ZCast 3.0 – HD Audio Experience

Since we launched ZCast back in early 2016, the most requested enhancement we got from our users was to “improve the sound quality”.

As audio-geeks ourselves, we felt your pain every time we used ZCast. We get it, in today’s world, you expect more than a phone-line quality when it comes to professional audio recording.

It took us many months of intensive research, evaluation of protocols, libraries, and technologies to find the audio configuration that was right for our users and for the future of ZCast.

Finally, earlier this year, we began our “hacking” journey to build and integrate the new audio stack into ZCast.

This new version has been in beta for the past couple of months and was used by our amazing and loyal group of beta ZCasters, and we are finally ready to release “ZCast 3 – HD Audio” for everyone to enjoy starting today! 👏🏼

What’s new with ZCast 3 – HD Audio?

TL;DR; (more details here)

In short, this new version switched from an audio stack that was limited to an audio bandwidth of 8kHz/mono to 48kHz/stereo sound!
If you do not know what kHz is, in short, this is a way to measure the frequency of waves, such as sound waves, and it is used in sound systems to tell what’s the maximum sound frequency we can capture.
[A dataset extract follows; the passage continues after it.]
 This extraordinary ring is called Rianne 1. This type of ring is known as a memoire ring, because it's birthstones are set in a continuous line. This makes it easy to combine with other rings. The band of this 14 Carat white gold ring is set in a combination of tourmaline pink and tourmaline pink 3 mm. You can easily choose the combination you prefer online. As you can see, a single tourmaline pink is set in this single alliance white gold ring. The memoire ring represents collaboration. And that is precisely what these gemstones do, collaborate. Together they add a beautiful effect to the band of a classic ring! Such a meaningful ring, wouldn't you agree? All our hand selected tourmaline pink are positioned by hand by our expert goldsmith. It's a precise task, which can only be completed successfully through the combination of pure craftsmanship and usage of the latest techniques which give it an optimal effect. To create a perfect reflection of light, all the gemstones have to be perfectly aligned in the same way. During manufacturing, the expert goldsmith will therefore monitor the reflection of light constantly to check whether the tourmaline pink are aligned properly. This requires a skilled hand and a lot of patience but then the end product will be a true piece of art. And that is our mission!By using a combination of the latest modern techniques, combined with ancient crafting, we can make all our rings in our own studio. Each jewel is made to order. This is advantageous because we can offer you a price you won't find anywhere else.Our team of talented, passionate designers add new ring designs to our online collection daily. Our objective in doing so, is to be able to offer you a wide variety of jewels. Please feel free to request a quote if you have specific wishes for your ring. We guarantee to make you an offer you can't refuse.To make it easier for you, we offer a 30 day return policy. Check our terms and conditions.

It is basically the number of times we sample your audio per second, to be able to transmit it over the network and restore it on the listeners’ side.
The higher this number, the better the audio quality is, and for reference high-def home audio systems, such as you CD Audio players, are using 44.1kHz.

To get a feel for the difference, check out this interactive demo we created by recording music through both ZCast 3.0 and ZCast 2.0 at the same time.
Once you hit play, the mixer will automatically fade between the two recordings.
But, you may take control over the knob at any time and try it for yourself.

(Music: “Please Listen Carefully” by Jahzzar; License: Creative Common)
The audio spectrum image you see represents the audio you listen to. It shows the volume of each frequence over time.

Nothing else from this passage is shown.